Therapy-seeking behavior among parents concerned about their adolescent’s substance use
Research output: Contribution to journal › Article
- Brown University
Background: Among the most persistent public health problems in the United States is the gap between adolescents who need therapy for a substance use (SU) disorder and those who seek therapy. The role of parental factors (e.g., impressions of the adolescent’s symptoms, sociodemographic factors) has been well documented in work examining adolescent help-seeking from professionals and paraprofessionals but has not been evaluated in studies of therapy-seeking for adolescents with SU. This study’s primary objective was to identify parental sociodemographic and parent-reported clinical factors associated with therapy-seeking among parents concerned about their adolescent’s SU. A secondary objective was to explore reasons why parents reported not seeking therapy and whether these reasons were associated with sociodemographic and clinical variables. Methods: We conducted a survey of 411 parents of adolescents (age 12–19) who reported elevated concern about their adolescent’s SU. Parents were asked whether their adolescent had a history of therapy, and those who reported no history were asked an open-ended question about reasons why they had not sought therapy.
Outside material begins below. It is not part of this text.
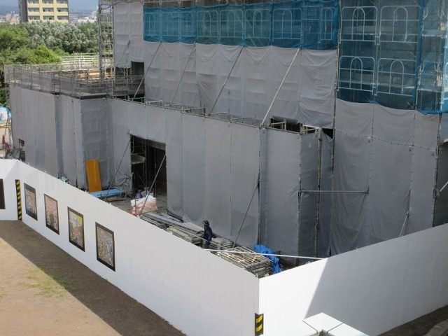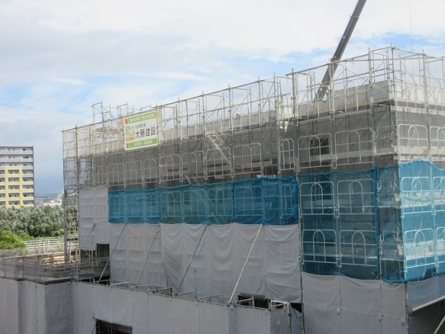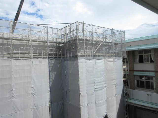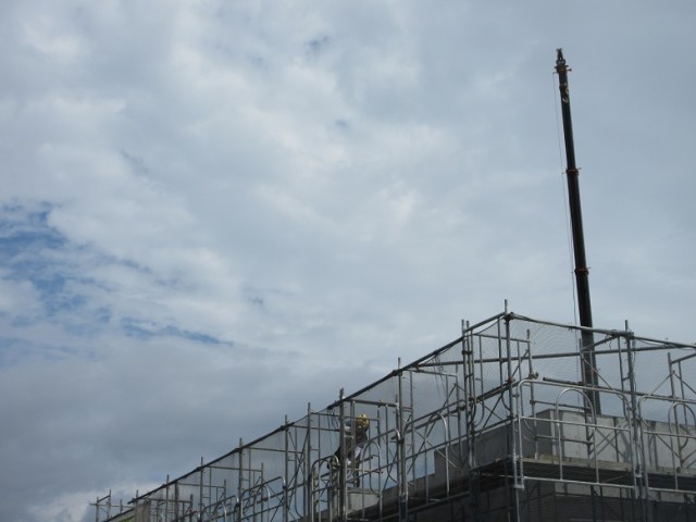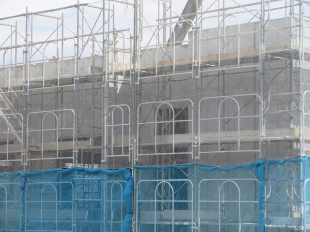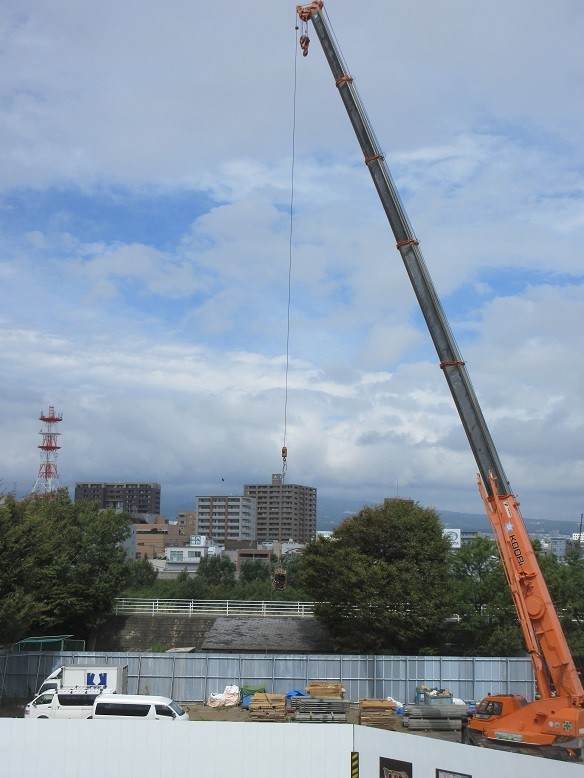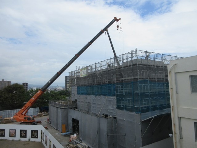 今日は大型のクレーンが2台入り、型枠を外し、下に運んでいます。ネット越しですが、コンクリートの壁面がしっかり見えるようになってきました。

Responses were rated by 2 independent coders and used to sort parents into 3 groups: “treaters” (those who had sought therapy), “acknowledgers” (those who acknowledged their adolescent had SU problems but did not seek therapy), and “deniers” (those who denied their adolescent had SU problems). Multinomial logistic regression examined the relationship between sociodemographic and clinical factors and group membership. Results: Multivariate analyses revealed that parent-reported SU severity, internalizing distress, and externalizing behavior problems were all associated with therapy-seeking behavior, with internationalizing distress emerging as the strongest predictor. Additionally, non-Hispanic white parents were more likely to seek therapy than minority parents. Conclusions: Parent report of symptoms, especially internalizing distress, and parental race were associated with therapy-seeking behavior, highlighting opportunities for targeted outreach to engage parents in therapy.